Performance

Performance considerations and tuning

Considerations

There are typically three possible bottlenecks in the performance of data generation job in Tonic. They are:

1) Network IO. Specifically, the bandwidth capacity of the network which connects Tonic to the database instances.

2) Disk IO. The disk IO of the databases.

3) Tonic Server and workspace configuration. Tonic performs a variety of complex data computations and transformations, which depending on your workspace selections, can take a while to perform.

However, it is often the case that disk IO and network IO are more often the culprit for slow data generation times.

Network IO

When possible, ensure that Tonic has a fast network pipe between the two database instances. It is always advisable to install Tonic on or nearby the hardware running your database instances.

Disk IO

This is normally limited by the database hardware itself.
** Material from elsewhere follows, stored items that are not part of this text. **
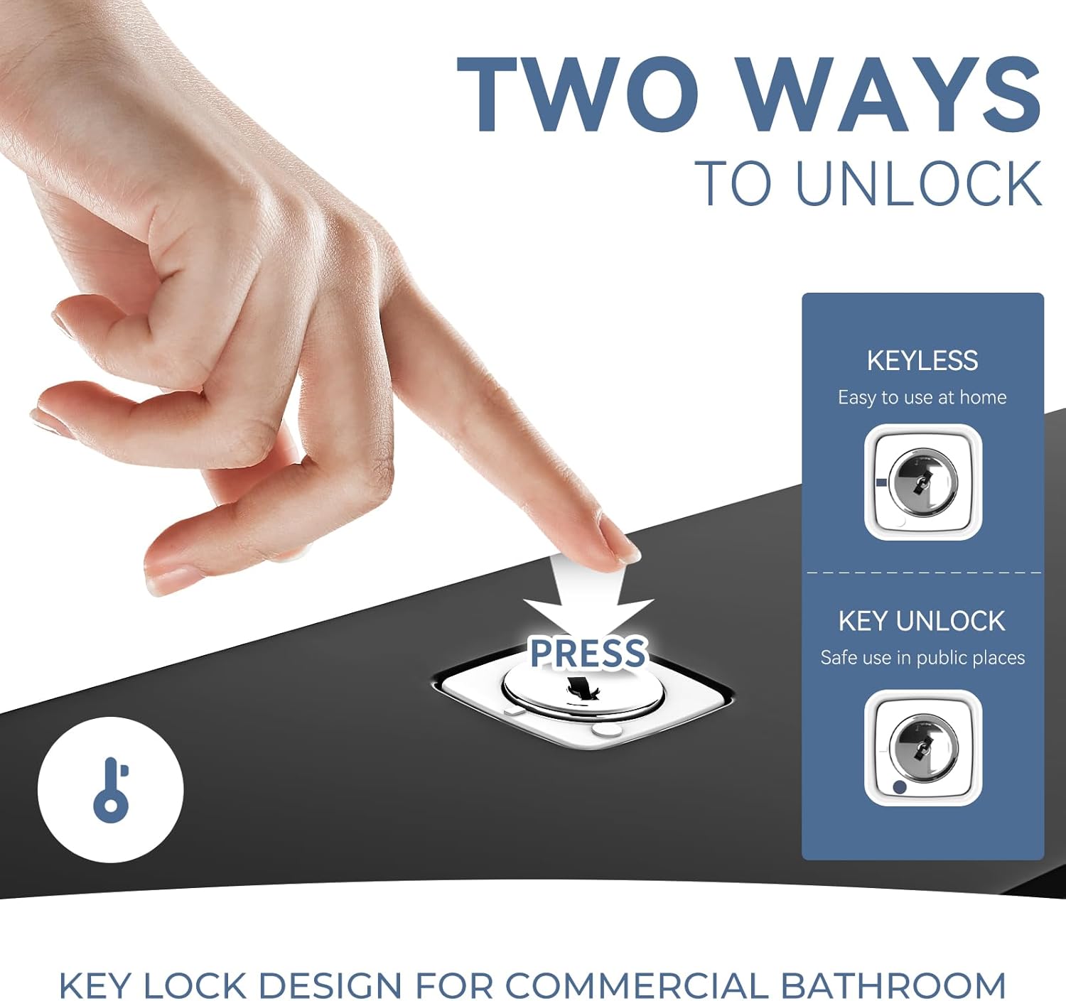 - 【Dual-Lock Security For Home & Business】 Press to Open for Home Use, Key-Lock for Commercial Spaces. This versatile paper towel holder offers a convenient push-button opening for your bathroom, and a secure key-lock mechanism for public restrooms, preventing theft and reducing waste.
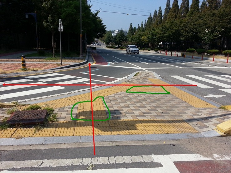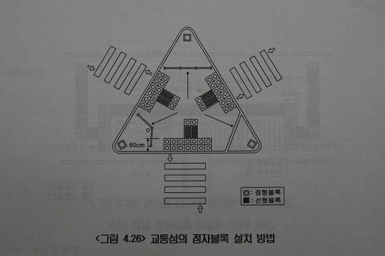 운동장사거리에서 반송사거리로 가는 충혼로에서 반송 노블파크아파트로 진출입하는 곳, 노블파크아파트 117동 앞 진입로 측 교통섬의 점자블록은 선형블록을 설치하면서 모든 것이 엉터리가 된 사례이다. 따라서 선형블록을 철거해야 올바른 설치방법이 된다.
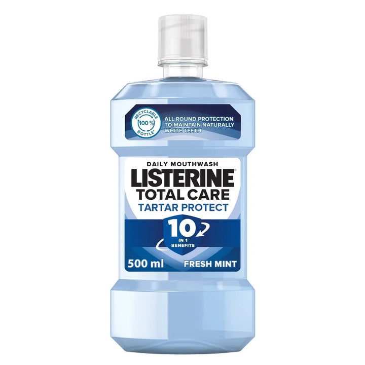 امنح فمك الحماية الشاملة التي يستحقها مع غسول الفم ليسترين توتال كير بنكهة النعناع المنعش. هذا الغسول مصمم خصيصًا ليمنع تراكم الجير، ويساعد في الحفاظ على نظافة الفم، ويعزز صحة اللثة. تركيبته القوية مع الزيوت العطرية الطبيعية ومكونات مضادة للبكتيريا توفر فمًا نظيفًا ومنتعشًا يدوم طويلًا، ويحمي من التسوس والبلاك ورائحة الفم الكريهة. استمتع بفم منعش وصحي طوال اليوم!

If you are running in a public cloud you do have options you can configure for accessing faster disks. Also, go to our SQL Server page to read about things you can do specifically for SQL Server to increase your write speeds on your destination database.

Reducing data loads

To reduce the amount of necessary disk and network IO you can also copy less data from the source to the destination. In some cases, you don't need the data in each table (or in specific columns within the table) and other times you might be happy with the data already existing in the destination and don't need to copy it again from the source. Read below for a few tips:

1) Put large tables into Truncate mode which tells Tonic to not transfer data. This can be especially useful on audit or transaction tables which are sometimes not needed for typical QA testing.

2) Avoid copying over large columns such as varchar(max), blob, XML, and JSON columns. If the data is not needed for your purpose then apply a NULL generator (when column is nullable) or a Constant generator to these columns to reduce the amount of IO necessary.

3) Put large tables in Preserve mode. In Preserve mode a table is not copied from the source because it already exists on the destination. If you need to re-do a run using the same source data but a large table has not changed then put it into Preserved mode and Tonic will not copy it over and will instead use the already existing data in the destination DB.

Tonic Server

Certain Tonic configurations, however, can introduce CPU bottlenecks. This typically occurs when using specific Tonic generators such as the JSON or XML Mask generators with a large number of paths selected. When you believe the Tonic server itself is the bottleneck then there are several settings that can be tuned in order to improve your performance. These settings should all be applied as environmental variables in your tonic_worker container.

TONIC_TABLE_PARALLELISM (defaults to 1)

This variable controls how many tables Tonic operates on at once. If your Tonic server has enough CPU and your source and target databases are not fully utilized then we advise increasing this variable to 2, or possibly higher depending on your hardware.

Note: This variable must be kept at 1 if your source database is being modified by other database connections during the data generation job. If you increase it to 2 or higher in that situation then your output database will likely not maintain referential integrity.

TONIC_WRITE_PARALLELISM (defaults to 2)

The number of threads to devote to writing rows to the output database.

TONIC_PROCESS_PARALLELISM (defaults to 1)

The number of threads to devote to performing the data transformations necessary. If you have a workspace with a very high number of generators or a large number of JSON Mask, XML Mask, Integery Primary Key, or Alphanumeric Primary Key generators then you should likely increase this value to at least 2.

TONIC_INDEX_RESTORATION_PARALLELISM (defaults to 1)

The number of indexes to restore concurrently in the destination database at the end of the data generation run. Note that this variable only affects MySql databases.